Are some people being unfair to Law and Home Affairs Minister K Shanmugam and Foreign Affairs Minister Vivian Balakrishnan? Yes and no.
Opposition politician Kenneth Jeyaretnam has been asking how the two ministers could afford, on their pay, to rent their current good class bungalows (GCBs) at 26 Ridout Road (Shanmugam) and 31 Ridout Road (Balakishnan). Rents being advertised on some property websites for GCBs in Ridout Road and vicinity show a range of $60,000 to $150,000 and more per month.
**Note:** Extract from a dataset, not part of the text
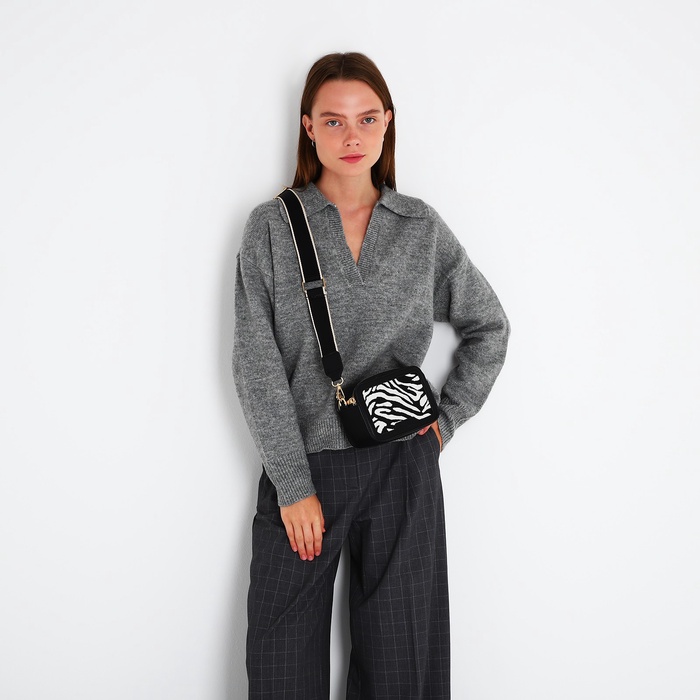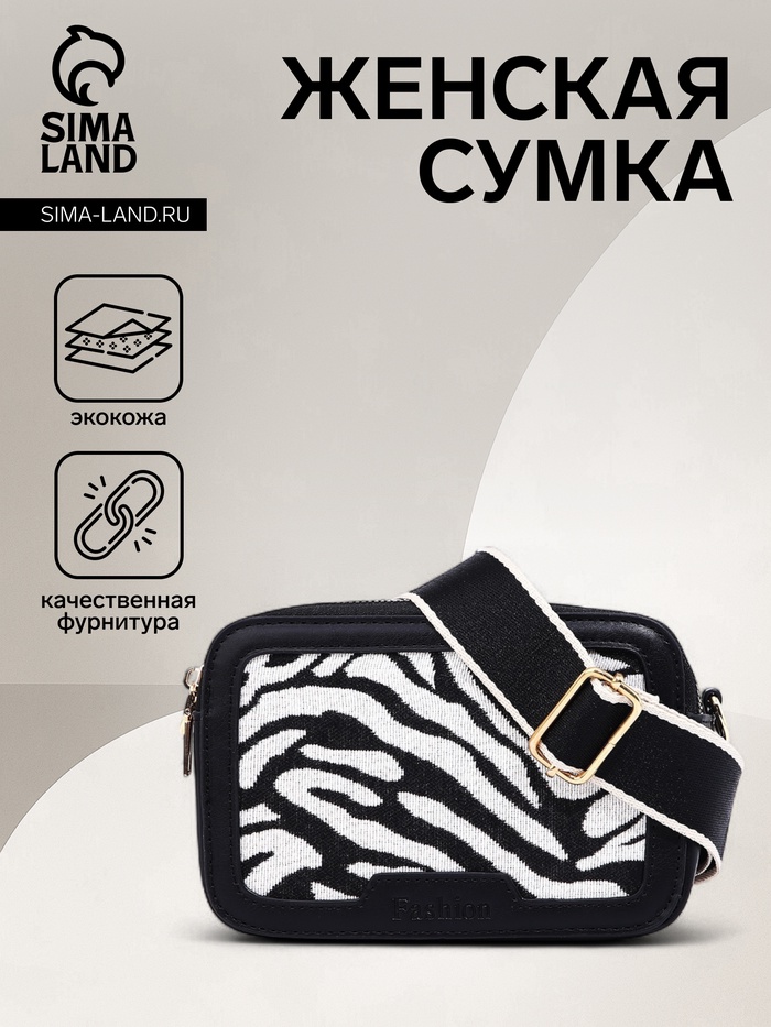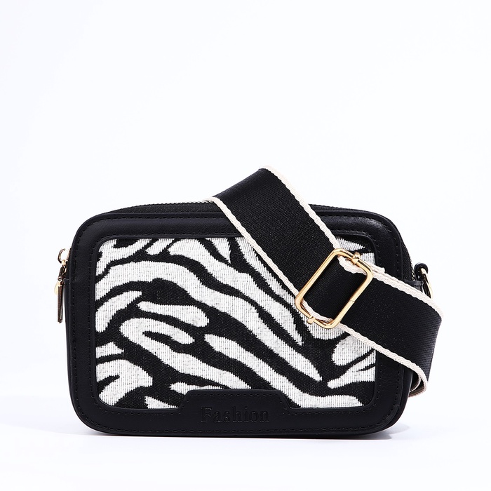 Сумка женская на молнии, цвет чёрный/белый/зебра

According to the Public Service Commission, as of 2023, the benchmark level of a minister’s monthly salary stands at S$55,000, working out to an annual salary of S$1.1 million.
You judge for yourself, bearing in mind ministers would have accumulated some savings of their own before entering politics or that their spouses may be quite wealthy. They are not without means.
Also, what anyone wants to do with his money is his own business. How are other people shortchanged? To each, caveat emptor.
Which would you prefer, as an objective citizen and observer? To allow foreigners with fewer roots and little loyalty or commitment to buy any of the 2,800 GCB land plots – or see Singaporeans stay in these properties which are what I would describe as a strategic resource for this land-scarce island? No-brainer answer.
The bigger question, however, is: how regulated and transparent is the whole process of renting a GCB?
Is there a Singapore Land Authority website that periodically announces each round of invitation for rent quotes? This process should be fair and well-publicised, so that there is full participation instead of it being confined to a select group of interested people.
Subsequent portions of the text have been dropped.